The Hunt for Trophy Calico Bass
On a cold and lonely launch ramp my Edgewater center console slid off the trailer and, following a quick rinse, we were soon underway, passing dozens of dockside condominiums festooned with Christmas lights. Within minutes we arrived at our first spot and, trolling motor purring, we began our session. Under a low glow emanating from our nation’s busiest harbor, my fishing partner fired loop after loop, slowly bouncing his mouse-sized fly down the face of a rugged, subsurface outcropping we lovingly call “The Wall.” Suddenly I heard him grunt loudly as he held on with all he had, trying his best to muscle the tip of his now lunging 10-weight out of the inky black flow. A newcomer, he did a great job, never giving an inch. But neither did whatever was yanking hard on the other end. A brutal seconds-long tug-of-war, something had to give, and it was his now busted and shredded leader. As he stared blankly into my headlamp I nodded to him and said, “Dave, welcome to calico bass fishing!”
BAD BOYS, BAD BOYS
Kelp bass (Paralabrax clathratus), known as calico bass to us impassioned fly anglers, range from Point Conception to Baja California’s famed northern coast. Inhabiting a rich tapestry of island or coastal kelp-covered rock as well as man-made oil platforms and concrete rubble reefs, this beautifully speckled species will feed on anything that will fit in its mouth, including its own kind. Despite their aggressive eating habits, they grow very slowly, reaching only 12 inches in 5-7 years. As broadcast spawners, they stay near their birthplace once water temperatures hit 65 degrees in spring. They can grow large, with the IGFA All Tackle World Record at 14 pounds 7 ounces and the largest fly-caught bass at 9 pounds 4 ounces, a female likely over 30 years old.

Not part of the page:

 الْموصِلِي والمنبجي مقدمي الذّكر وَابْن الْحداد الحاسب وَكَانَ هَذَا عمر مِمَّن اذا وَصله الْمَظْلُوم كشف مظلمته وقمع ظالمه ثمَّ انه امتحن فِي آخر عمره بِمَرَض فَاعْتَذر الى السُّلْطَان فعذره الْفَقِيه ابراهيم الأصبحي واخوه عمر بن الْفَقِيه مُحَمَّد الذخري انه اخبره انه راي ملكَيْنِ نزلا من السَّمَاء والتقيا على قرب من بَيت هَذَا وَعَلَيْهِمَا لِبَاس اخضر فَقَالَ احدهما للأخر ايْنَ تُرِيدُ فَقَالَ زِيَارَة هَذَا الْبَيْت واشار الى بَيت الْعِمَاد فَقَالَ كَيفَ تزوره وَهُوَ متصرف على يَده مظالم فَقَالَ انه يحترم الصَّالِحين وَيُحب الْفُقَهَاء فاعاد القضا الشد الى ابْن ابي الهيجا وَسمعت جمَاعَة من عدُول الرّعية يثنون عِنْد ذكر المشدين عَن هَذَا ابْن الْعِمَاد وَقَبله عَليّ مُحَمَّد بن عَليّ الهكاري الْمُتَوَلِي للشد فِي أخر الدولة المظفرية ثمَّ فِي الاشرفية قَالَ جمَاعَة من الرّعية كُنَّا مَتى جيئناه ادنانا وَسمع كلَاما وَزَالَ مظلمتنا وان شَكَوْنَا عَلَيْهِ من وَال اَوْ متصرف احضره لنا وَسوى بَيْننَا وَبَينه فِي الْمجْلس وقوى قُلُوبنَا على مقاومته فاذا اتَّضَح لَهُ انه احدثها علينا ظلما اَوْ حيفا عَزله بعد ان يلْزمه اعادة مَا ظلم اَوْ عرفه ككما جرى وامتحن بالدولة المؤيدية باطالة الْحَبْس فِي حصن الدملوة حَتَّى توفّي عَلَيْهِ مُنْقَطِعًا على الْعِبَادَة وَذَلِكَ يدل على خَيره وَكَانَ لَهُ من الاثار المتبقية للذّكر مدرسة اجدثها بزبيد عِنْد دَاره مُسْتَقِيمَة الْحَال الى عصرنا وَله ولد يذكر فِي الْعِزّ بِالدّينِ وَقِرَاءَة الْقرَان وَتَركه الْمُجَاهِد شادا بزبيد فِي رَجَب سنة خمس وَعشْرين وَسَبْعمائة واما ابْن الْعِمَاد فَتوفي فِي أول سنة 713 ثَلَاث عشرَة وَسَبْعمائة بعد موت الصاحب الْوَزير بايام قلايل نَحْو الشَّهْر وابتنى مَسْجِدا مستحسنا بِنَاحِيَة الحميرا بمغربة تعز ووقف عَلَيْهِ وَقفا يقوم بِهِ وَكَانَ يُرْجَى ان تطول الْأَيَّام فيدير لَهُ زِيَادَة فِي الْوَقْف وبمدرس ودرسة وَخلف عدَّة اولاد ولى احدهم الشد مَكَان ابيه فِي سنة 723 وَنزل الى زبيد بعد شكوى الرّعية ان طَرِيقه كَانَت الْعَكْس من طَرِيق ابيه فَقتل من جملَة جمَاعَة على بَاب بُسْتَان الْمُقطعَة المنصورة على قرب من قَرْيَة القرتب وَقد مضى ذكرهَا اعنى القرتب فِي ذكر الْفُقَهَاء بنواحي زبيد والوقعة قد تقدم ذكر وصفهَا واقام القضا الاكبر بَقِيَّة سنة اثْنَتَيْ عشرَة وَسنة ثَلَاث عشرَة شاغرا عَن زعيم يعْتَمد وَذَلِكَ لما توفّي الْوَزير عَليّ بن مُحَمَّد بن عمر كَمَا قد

Like its freshwater relatives, it is an ambush predator that is perfectly suited for its hostile saltwater environment with its large vacuum mouth, heavily scaled spotted and bronzed fuselage, and a powerfully broad caudal fin. Lipping your catch isn’t an issue as they do not have slicing teeth per se, but after a solid night of angling it is not uncommon to suffer from a serious case of “bass thumb.”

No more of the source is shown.